Я, проклиная его прозорливость, тут же принялась рассказывать, как мне понравилось в музее, и даже попробовала рассказать брату о замечательной картине «Сероко». Он покрутил около виска и сказал:

– Ты совсем? Какое Сероко?

– Я же объясняю, картина Радова…

– Слушай, я не мама. Сейчас просто залезу в Интернет и узнаю, что конкретно было на этой Музейной ночи, а чего там не было, – с усмешкой пригрозил старший брат, когда мама вышла из кухни, где проходила моя экзекуция.

– Если принюхаться, у тебя волосы пахнут сигаретным дымом. Футболка, что валяется в твоей комнате, измята, как будто бы в ней спала. Никаких фото, листовок, проспектов и прочей ерунды, что получают на выставках, у тебя нет. Даже билетика нет – я в этом уверен, – продолжал с чувством собственного достоинства Федор.

– Э-э-э… Это…

– Ладно, расскажи мне, где и с кем шарилась, а я, так и быть, не сообщу маме, – проявил небывалое добродушие он.

Скрипя от злости зубами, я сказала Федьке, что ходила с девчонками в клуб, боялась, что мама не отпустит, поэтому наврала.

– А я думал, ты со своим мотоциклистом, – разочарованно протянул старший брат.

– Хорошо, с мотоциклистом тоже! – не стала спорить я.

– Отлично! Теперь ты у меня в долговом рабстве, Машка, – обрадовался этот кабан. – На всю неделю. Нет, даже на две.

Я шумно сглотнула. Началась любимая Федькина игра. Издевательство над беззащитной младшей сестренкой.

– Теперь я для тебя – царь и бо…

Его прервал звонок в дверь. Мама из своей комнаты крикнула, чтобы Федька открыл, а он, повелительно махнув мне кистью, принялся за новый бутерброд.

Я злобно, как дракон, попавший в сеть, вздохнула и поплелась к двери. Вообще-то, наверное, я действительно стала перетягивать у Смерчинского его драгоценную удачу, о которой он столько трепался. Ведь мне повезло, что дверь открыла именно я. Потому что за порогом торчала хорошо знакомая длинная и тонкая фигура полунорвежского дружка Смерча.

В этот раз на нем не было никакого красного шарфа, а вот черно-белые кеды остались неизменными. Сегодня блондинчик мог еще похвастаться узкими темно-синими брюками в светлую широкую клетку, а также ярко-синей кепкой.

Резко открыв дверь и чуть не стукнув парня по носу, я удивленно спросила:

– Что случилось?

Он, встряхнув длинными, до плеч, волосами цвета пшеницы, серьезно на меня посмотрел и выдал почти точным голосом Дэна:

– Я подумал, твои родители могут попросить предоставить доказательства того, что ты была в музее, поэтому попросил позаботиться об этом друзей.

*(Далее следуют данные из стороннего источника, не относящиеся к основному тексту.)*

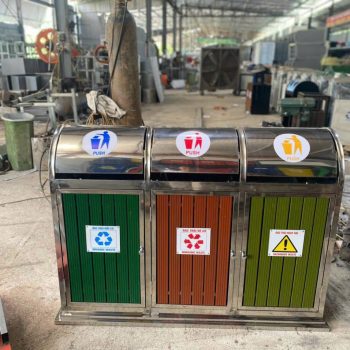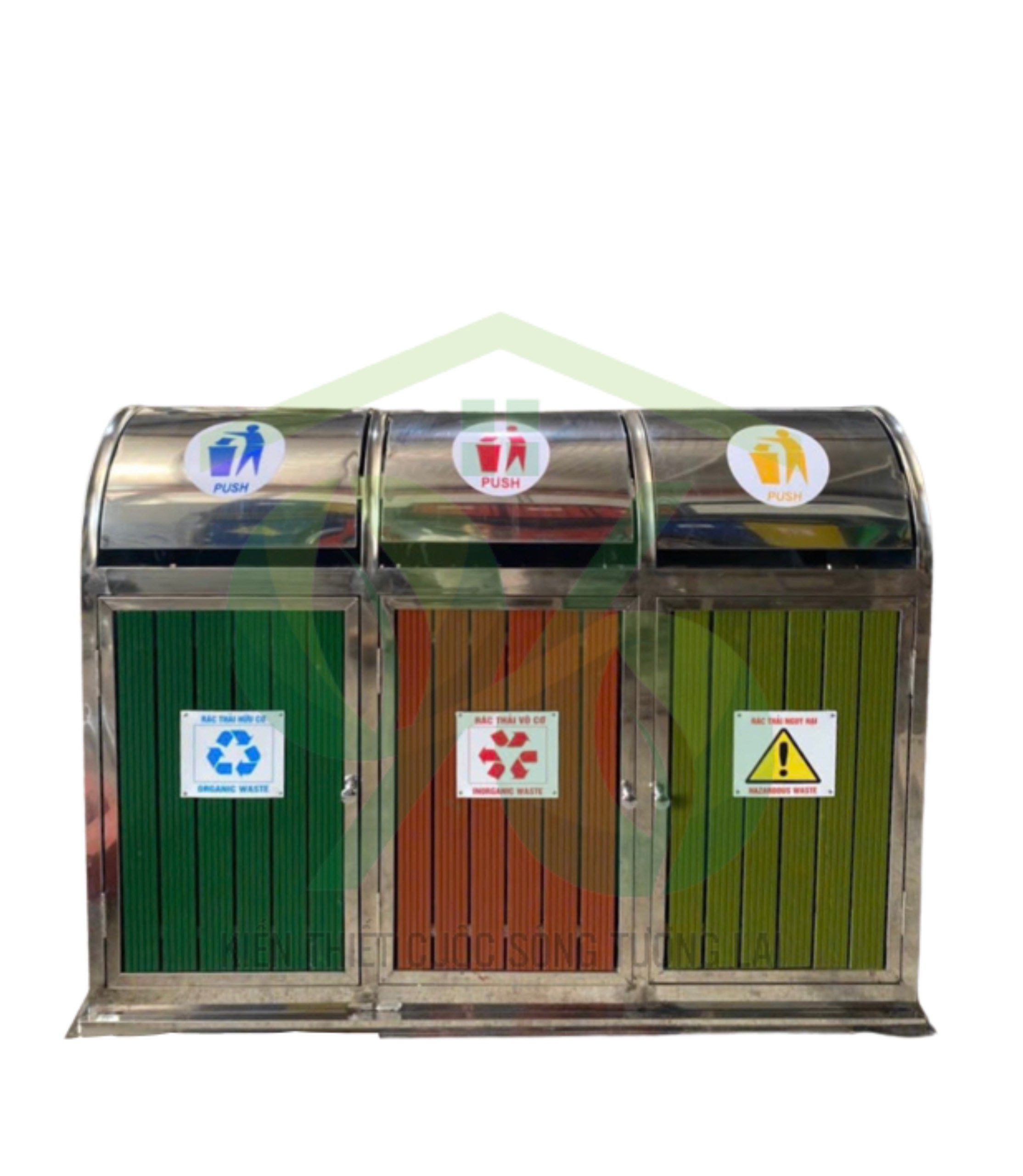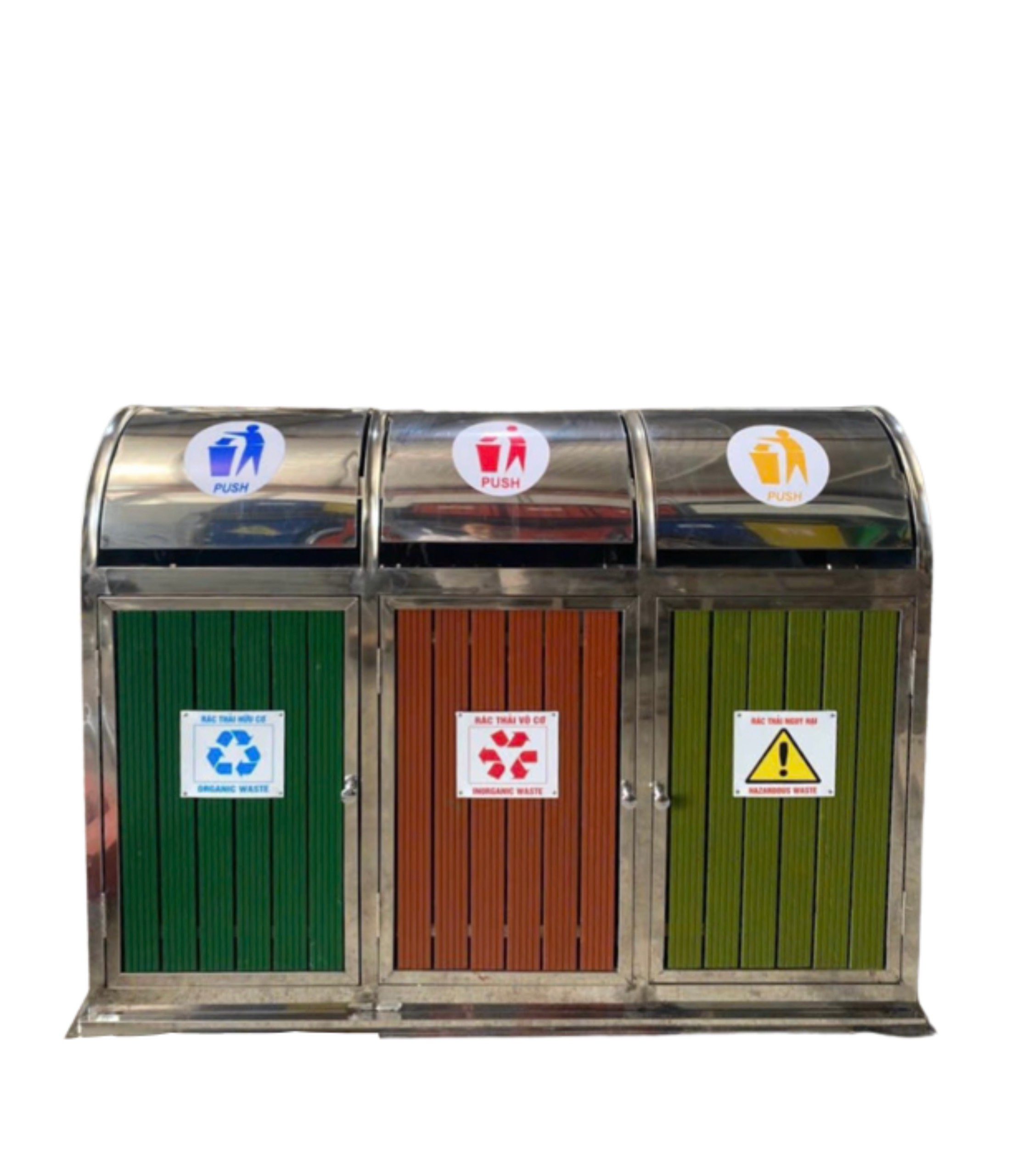 Thùng rác inox 03 ngăn ngoài trời được thiết kế 3 ngăn có tác dụng phân loại rác vô cơ, hữu cơ và tái chế thông qua ký hiệu in trên thùng.

Потом личная голосовая открытка Смерчинского откашлялся и быстро перешел на собственный голос:

– Короче, Мария-Бурундук, вот, держи. От Дэнни.

И протянул мне широкий светло-серый конверт, в котором я тут же обнаружила то, о чем пару минут назад говорил брат: использованный билет на Музейную ночь, несколько проспектов с нее же и программу вечера.

– С фото мы не успели, прости. Смерч просил передать, что если нужно будет, в фотошопе сделают.

Я оторопело взглянула на гостя, готовая расцеловать его в по-вампирски бескровные губы.

– Ну ничего себе! Спасибо! Спасибо, Ло… Ле… слушай, как тебя зовут?

– Ланде, – парня мои слова ничуть не затронули. Похоже, куча народу забывала, как его кличут.

– Ланде, да, точно. Ланде, а почему Дэн сам не приехал?

– У него дела дома, – коротко отозвался он, намереваясь уходить.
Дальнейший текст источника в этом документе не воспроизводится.